The ONDCP report’s reassurances that “over 100 plant species” have been tested with no adverse effects belie the fact that there are over 200 plant species within the genus that the EN-4 strain of Fusarium oxysporum targets, all of which will be susceptible to attack. And while disclosed U.S. research has focused on examining Fusarium’s effects on isolated plant species in a controlled laboratory setting, the push now is for an open-air test of the fungus somewhere in the Amazon, the world’s most biologically diverse ecosystem.

Partly because of this, concern has arisen over the international legality of importing a strain of Fusarium oxysporum to a country where it does not naturally exist. If EN-4 does not exist in Colombia, under international law it cannot be brought there by outside agents that are not natural.
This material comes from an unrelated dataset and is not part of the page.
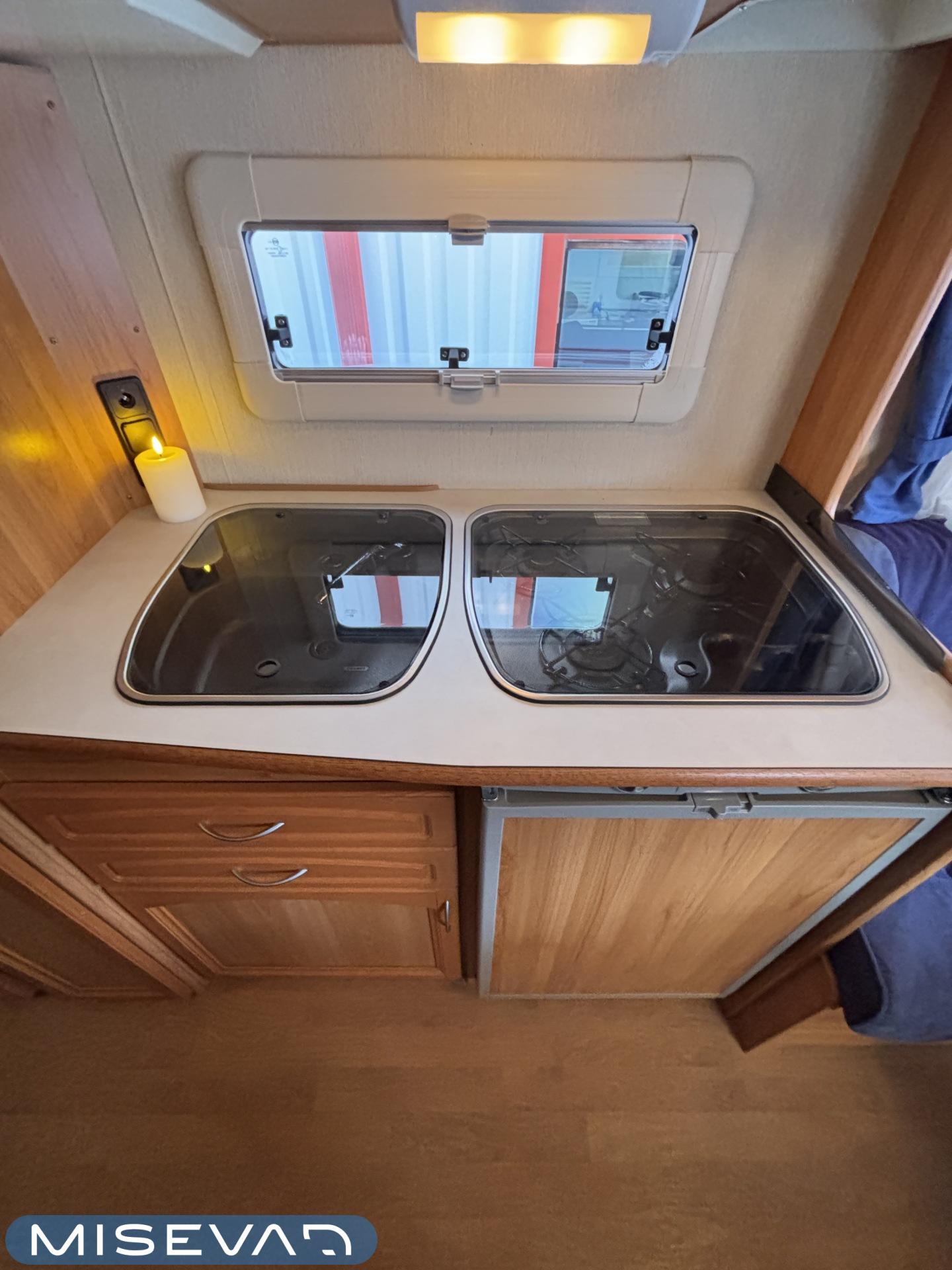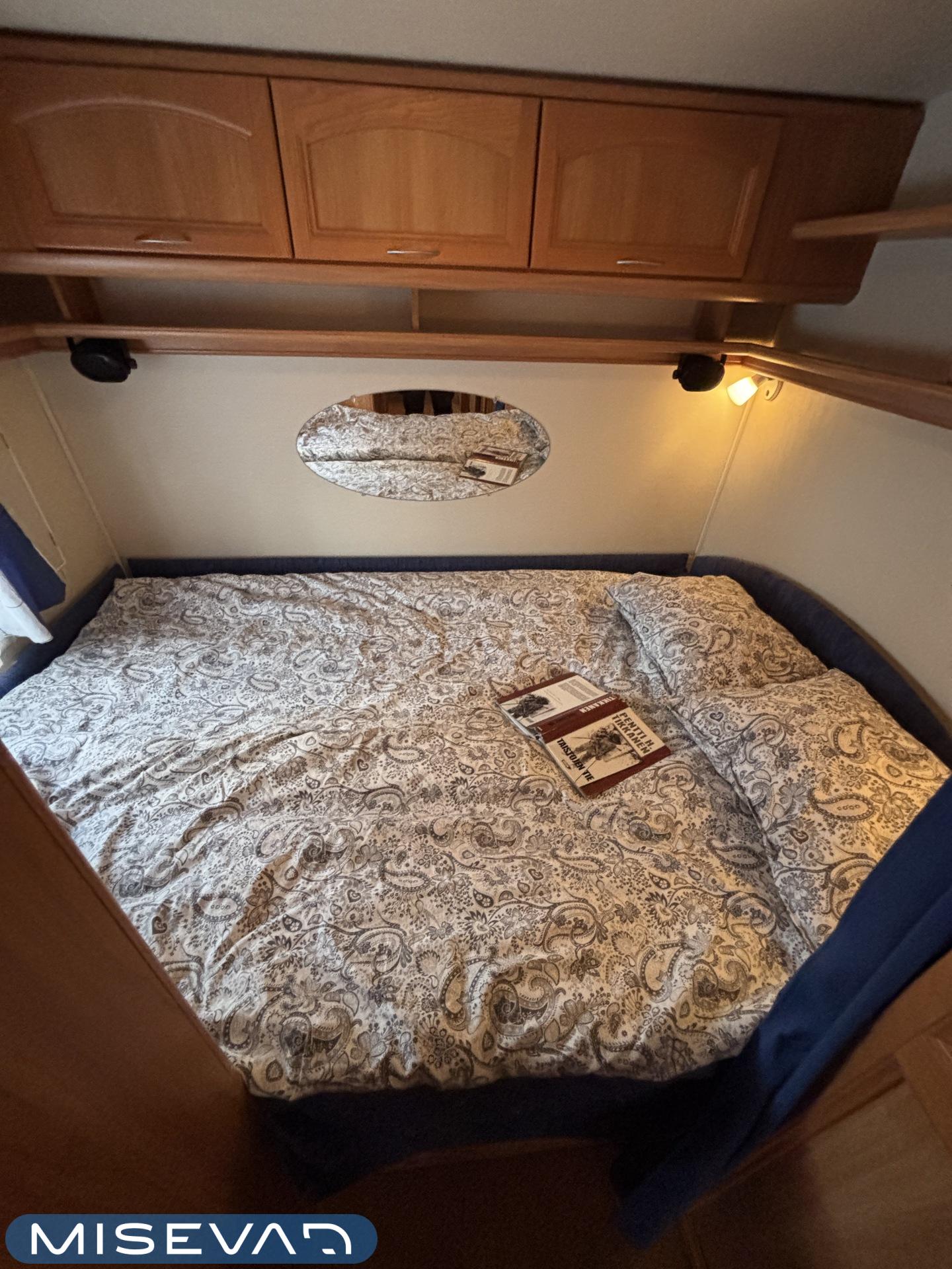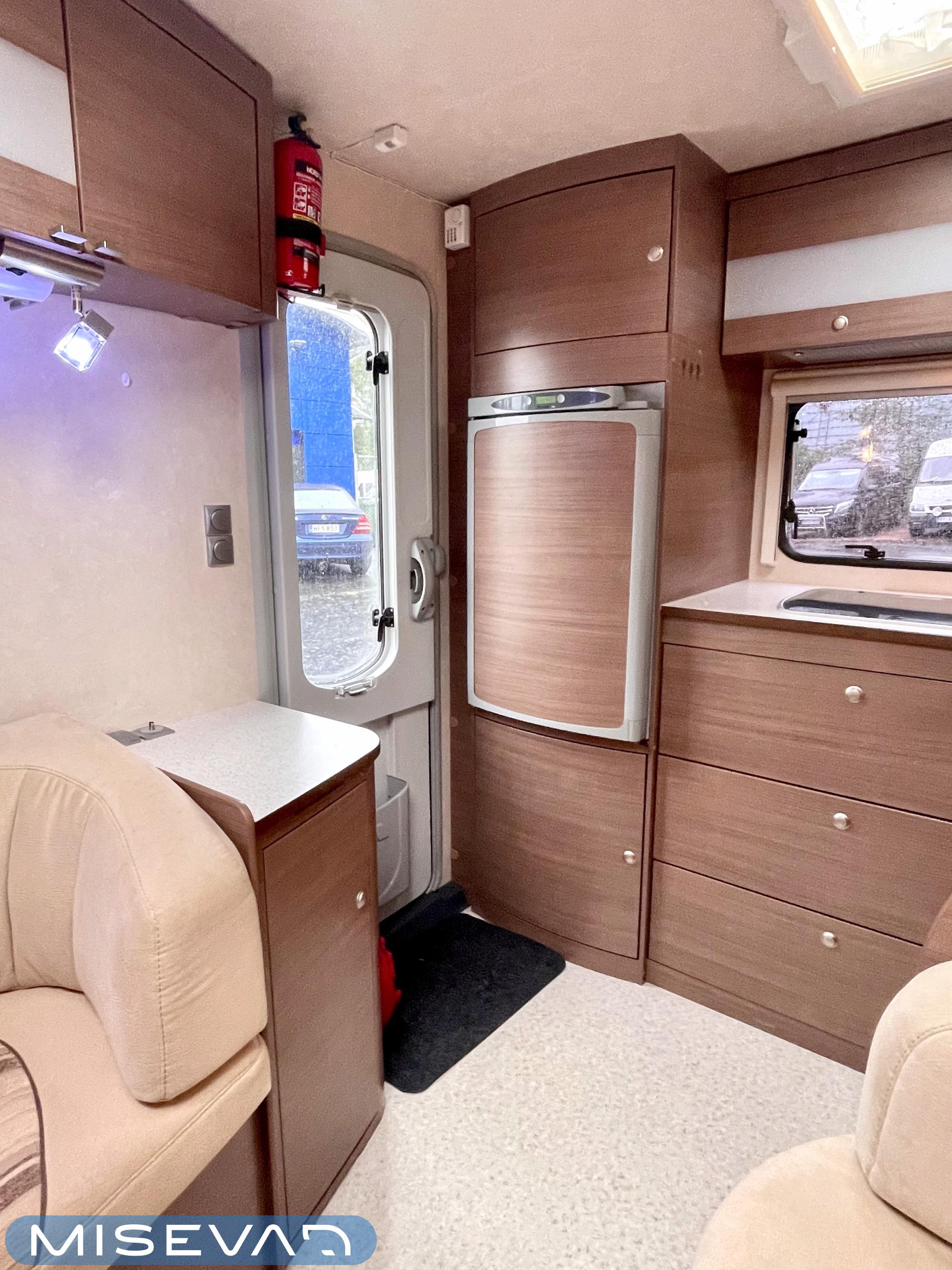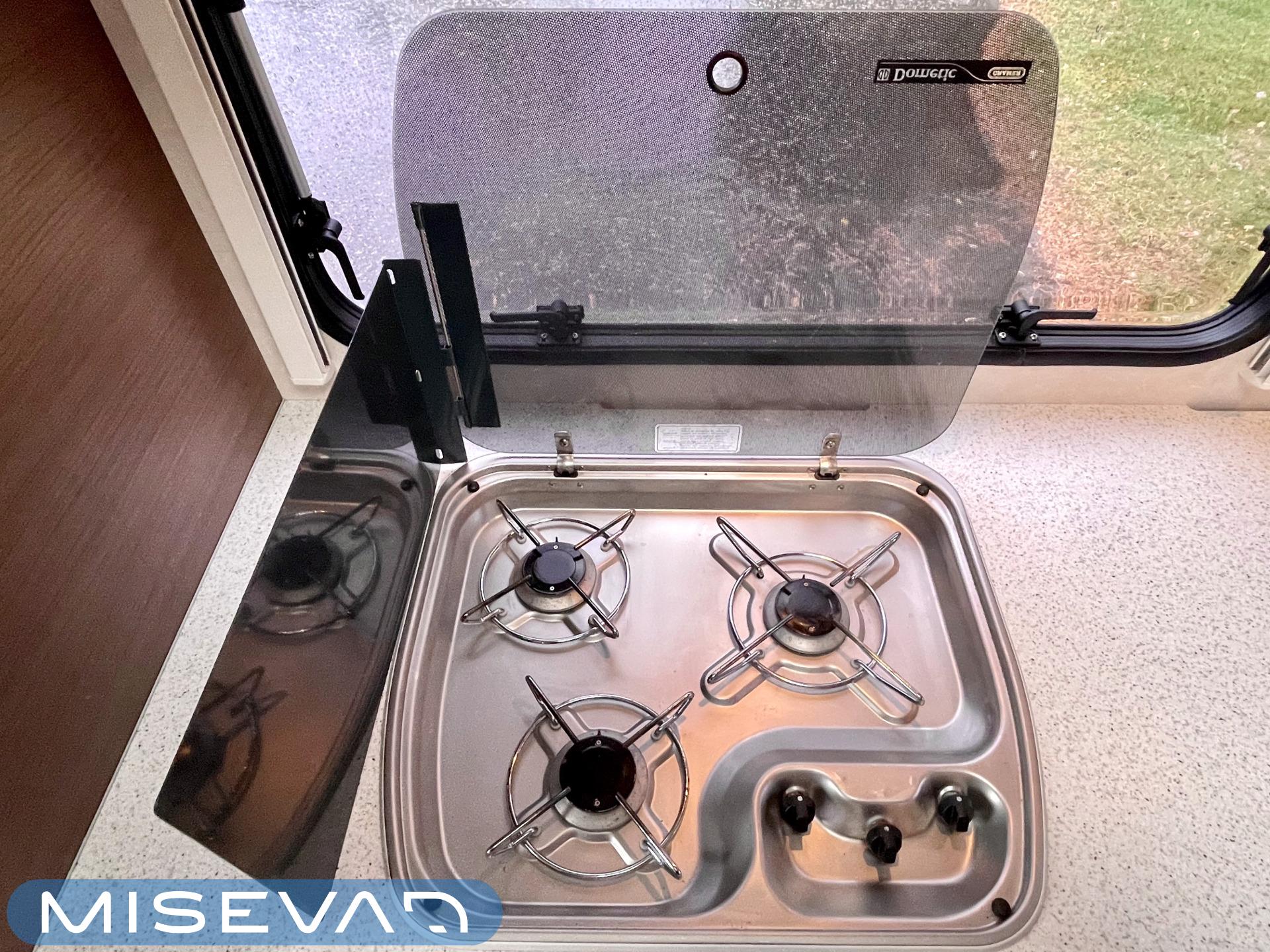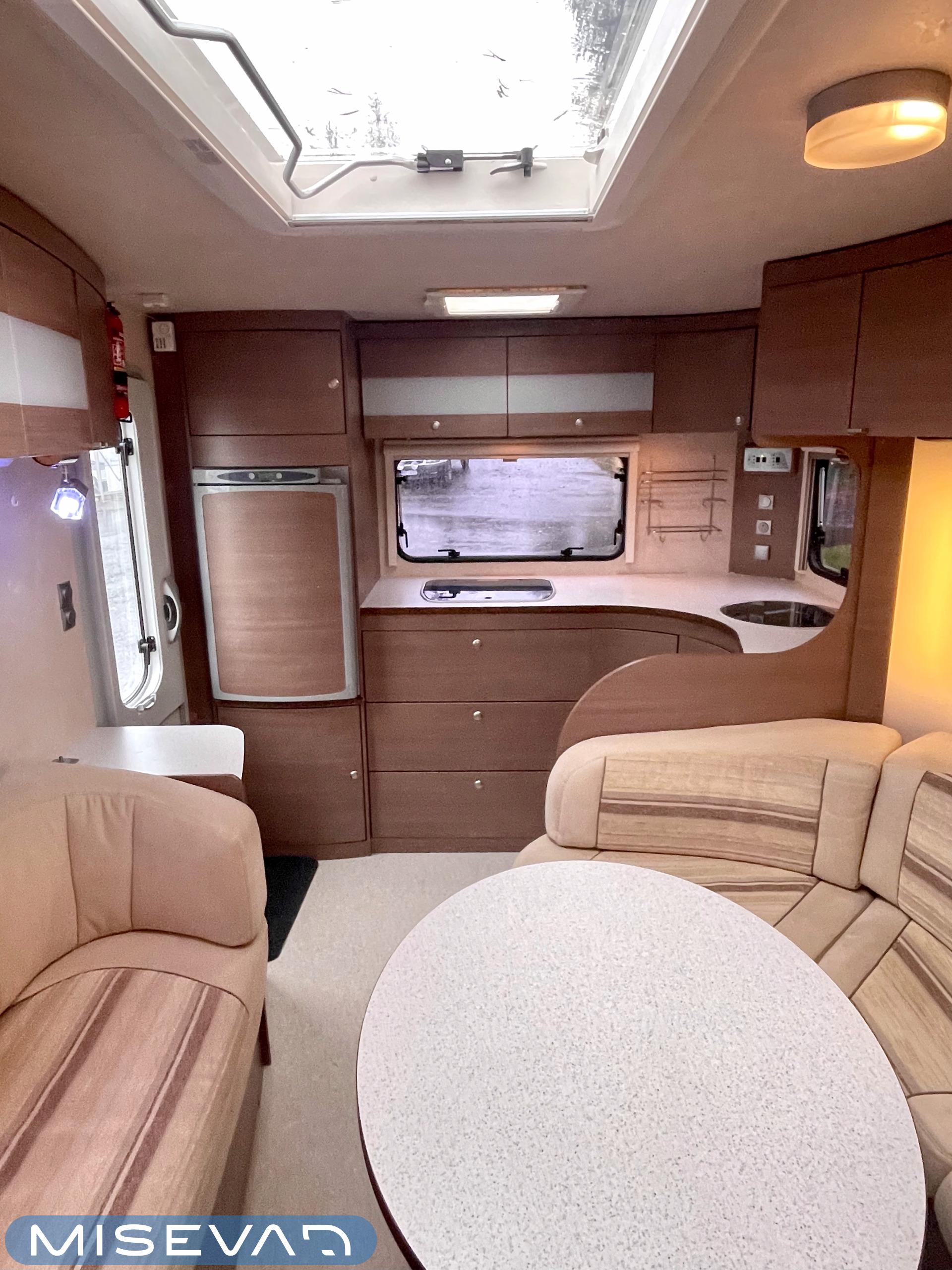 Alde, Jääkaappi, Kasetti WC, Lattialämmitys, Liesi, Nestekiertolämmitys, Pakastelokero, Parivuode, Pesuallas, TV-antenni tai lautasantenni, Takakeittiö, Markiisi, kwh-mittari, mover, sähkön ulosotto, Lämminvesiboileri, Kattoluukku, Radio, Tukijalat

Fearful of giving off the impression that it was set to unilaterally deploy what could be construed as an untested biological weapon (Fusariotoxin, which occurs in some strains of the fungus and can develop in mutated forms of EN-4, is listed as a biological warfare agent), the U.S. government turned over its ARS research and $23 million of State Department funds to the UN Drug Control Program (UNDCP).
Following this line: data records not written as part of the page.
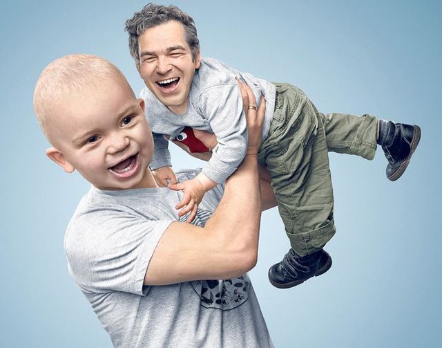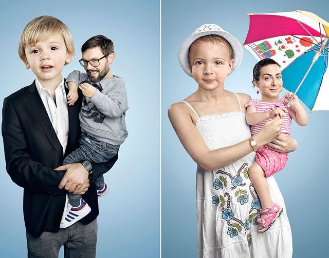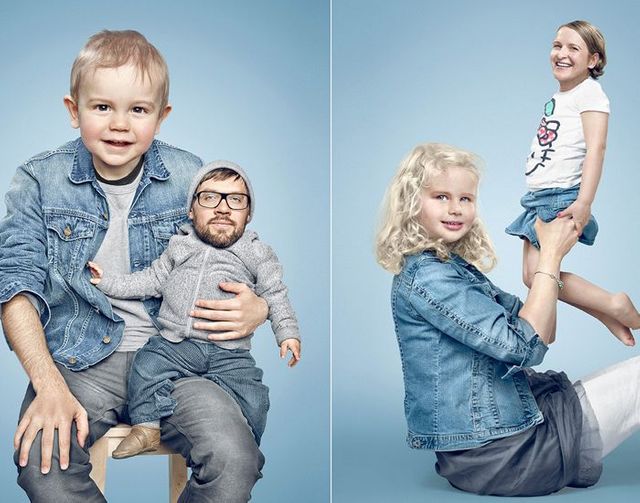 Erstmal haben wir beim Styling darauf geachtet, dass die Kleidung der Eltern nicht zu erwachsen aussah. Wirklich schwer war es, bei jedem Foto immer für zwei mitzudenken, die beiden Gesichtsausdrücke müssen ja zusammenpassen. Darum haben wir auch nicht nur ein Foto gemacht, sondern erstmal nur die Körper fotografiert, um abzustimmen, wie der Erwachsene das Kind hält. Dann haben wir die beiden Köpfe einzeln fotografiert. Es muss ja alles zusammenpassen, die Lichtrichtung etwa, oder die Drehrichtung.
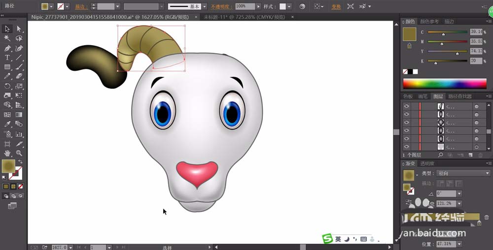 5、接着,我们开始绘制羊角的路径并用茶色的渐变填充,继续复制一下羊角的路径并填充白色,我们设置成滤色模式。用同样的办法绘制出山羊的另外的一只羊角。
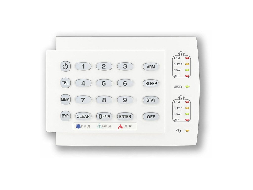 LED klávesnica pre radu SP / MG, zobrazenie prvých 10 zón, oddelená indikácia 2 podsystémov, režim StayD, 1 Klávesnicová zóna, podsvietené klávesy s rôznofarebné indikáciou stavu zón, max. prúdový odber 72 mA
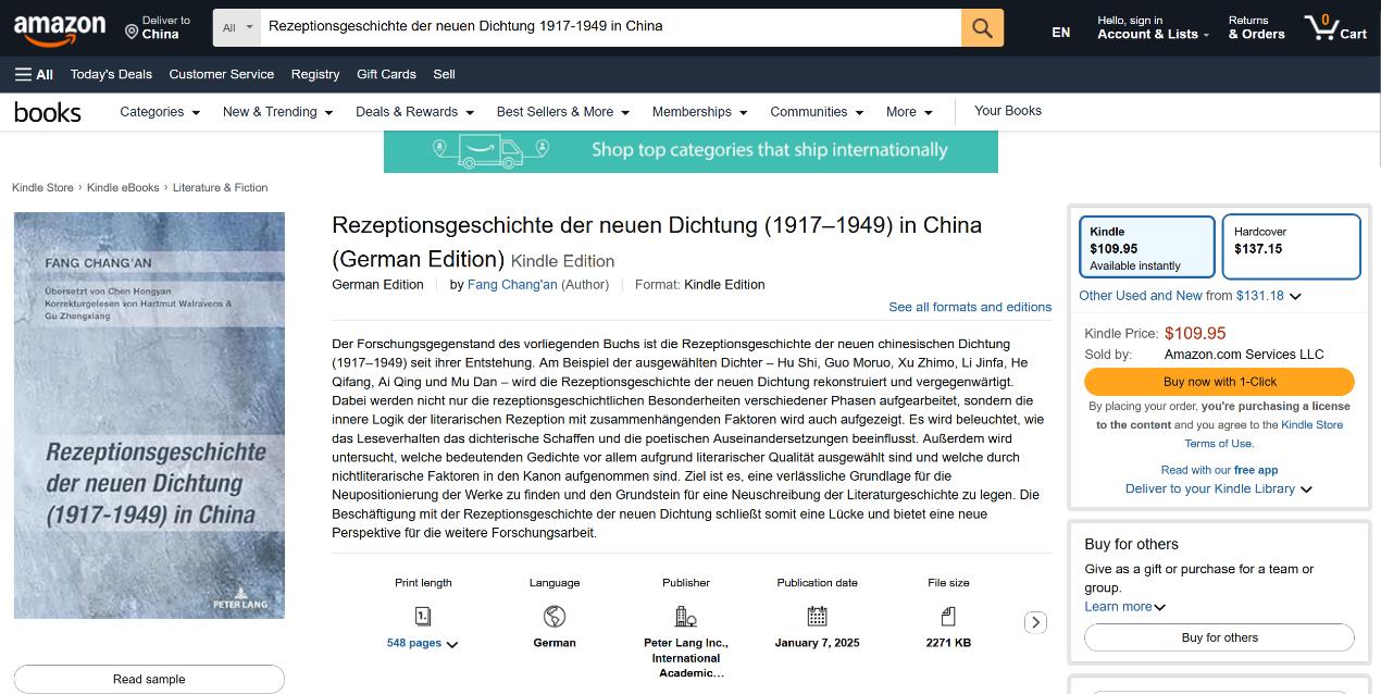 近日,WilliamHill官网方长安教授的专著《中国新诗(1917-1949)接受史研究》德文版,在国际权威出版社兰培德国际学术出版集团出版发行。译者是上海外国语大学陈虹嫣副教授,译文由德国汉学家魏汉茂和旅德学者顾正祥教授校阅。

The UNDCP was then supposed to act as the voice of the international community and get Colombia to accept EN-4 tests within its territory. This was in spite of the fact that the director of the UNDCP Colombia and Ecuador office, Klaus Nyholm, described the plan to pressure Colombia through the auspices of the UN as “an American interest.” Of critical importance here is the fact that Nyholm, when questioned by Sharon Stevenson and Jeremy Bigwood, the journalists who broke this story (see, Drug Control or Biowarfare?), went on record as saying there is no EN-4 in Colombia. Everyone Stevenson and Bigwood interviewed—guerrillas, government ministers, the Catholic Church, NGOs of all stripes, agronomists and even the aerial fumigation expert offered by the U.S. embassy in Bogotá—echoed Nyholm’s claim that there is no record of EN-4 in Colombia. Therefore, testing EN-4 in Colombia without Colombia’s consent would be illegal.

Yet the conditionality clause worked into the U.S. aid package left the Colombian government, already counting on the funds, in a difficult position: either accept testing of the Fusarium strain in Colombia despite serious safety and legal concerns, or reject the proposal and risk a delay or diminution of the U.S. aid package.

Another issue complicating (or perhaps simplifying) Colombia’s decision was the inclusion of wording in the proposal that would have denied Colombia any intellectual property rights to the results of the test while at the same time making it solely responsible for any unforseen problems arising from the experiments. Nyholm, perhaps after hearing it from his superiors, modified his position in early July, stating that, “Our experts tell us that it is worth trying,” and pointing out that the tests only need an area of “a couple of hundred square yards.”

Despite the fact that the ARS research handed over to the UNDCP shows that ants can carry and distribute the fungus, despite the fact that contaminated irrigation water and farm implements can spread the fungus, despite the fact that it is possible for the fungus’ spores to be spread by the wind, and despite the fact that in Peru the outbreak spread well beyond the areas where peasants reported seeing the fumigating aircraft, Nyholm said he felt the tests could be carried out safely and that they posed no threat to the surrounding ecosystem.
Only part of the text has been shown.